Therefore, the proposed change does not involve a significant
increase in the probability or consequences of an accident
previously evaluated.
2. Does the proposed change create the possibility of a new or
different kind of accident from any accident previously evaluated?
Response: No.
The proposed amendment does not involve a physical alteration of
any system, structure, or component (SSC), or a change in the way
any SSC is operated. The surveillance intervals of the level
instrumentation are currently evaluated for 30 months, which bounds
the requested interval extension. The proposed amendment does not
involve operation of any SSCs in a manner or configuration different
from those previously recognized or evaluated. No new failure
mechanisms will be introduced by the one-time surveillance extension
being requested.
Therefore, the proposed change does not create the possibility
of a new or different kind of accident from any previously
evaluated.
3. Does the proposed change involve a significant reduction in a
margin of safety?
Response: No.
The proposed amendment is a one-time extension of the
performance-interval of certain TS surveillance requirements.
Extending the surveillance requirements does not involve a
modification of any TS Limiting Conditions for Operation. Extending
the surveillance frequency does not involve a change to any limit on
accident consequences specified in the license or regulations.
Extending the surveillance frequency does not involve a change to
how accidents are mitigated or a significant increase in the
consequences of an accident. Extending the surveillance frequency
does not involve a change in a methodology used to evaluate
consequences of an accident. Extending the surveillance frequency
does not involve a change in any operating procedure or process. The
surveillance intervals of the level instrumentation are currently
evaluated for 30 months which bounds the requested interval
extension. The components involved in this request have exhibited
reliable operation based on the results of the most recent
performances of their 18-month surveillance requirements and the
associated functional surveillances.
Based on the limited additional period of time that the systems
and components will be in service before the surveillance is next
performed, as well as the operating experience that these
surveillances are typically successful when performed, it is
reasonable to conclude that the margin of safety associated with the
surveillance requirement will not be affected by the requested
extension.
Therefore, the proposed change does not involve a significant
reduction in a margin of safety.
The NRC staff has reviewed the licensee's analysis and, based on
this review, it appears that the three standards of 10 CFR 50.92(c) are
satisfied. Therefore, the NRC staff proposes to determine that the
amendment request involves no significant hazards consideration.
[[Page 4771]]
Attorney for licensee: Terence A. Burke, Associate General
Counsel--Nuclear Entergy Services, Inc., 1340 Echelon Parkway, Jackson,
Mississippi 39213.
NRC Branch Chief: Michael T. Markley.
Exelon Generation Company, LLC, Docket Nos. STN 50-456 and STN 50-457,
Braidwood Station, Units 1 and 2, Will County, Illinois
Docket Nos. STN 50-454 and STN 50-455, Byron Station, Unit Nos. 1
and 2, Ogle County, Illinois.
Date of amendment request: December 4, 2008.
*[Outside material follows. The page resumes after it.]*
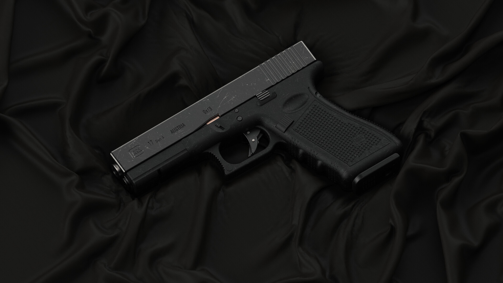 Description: A black gun laying on a black cloth with a black background that is very dark and wrinkled out with a black cloth.

Description of amendment request: The proposed amendments would
revise Technical Specifications (TSs) 1.1, ``Definitions,'' and 3.4.16,
``RCS Specific Activity,'' and Surveillance Requirements 3.4.16.1 and
3.4.16.3. The proposed changes would replace the current TS 3.4.16
limit on reactor coolant system (RCS) gross specific activity with a
new limit on RCS noble gas specific activity. The noble gas specific
activity limit would be based on a new dose equivalent Xe-133
definition that would replace the current E Bar average disintegration
energy definition. In addition, the current dose equivalent I-131
definition would be reformatted. The availability of this TS revision
was announced in the Federal Register on March 15, 2007 (72 FR 12217)
as part of the consolidated line item improvement process. The licensee
affirmed the applicability of the model no significant hazards
consideration determination in its application.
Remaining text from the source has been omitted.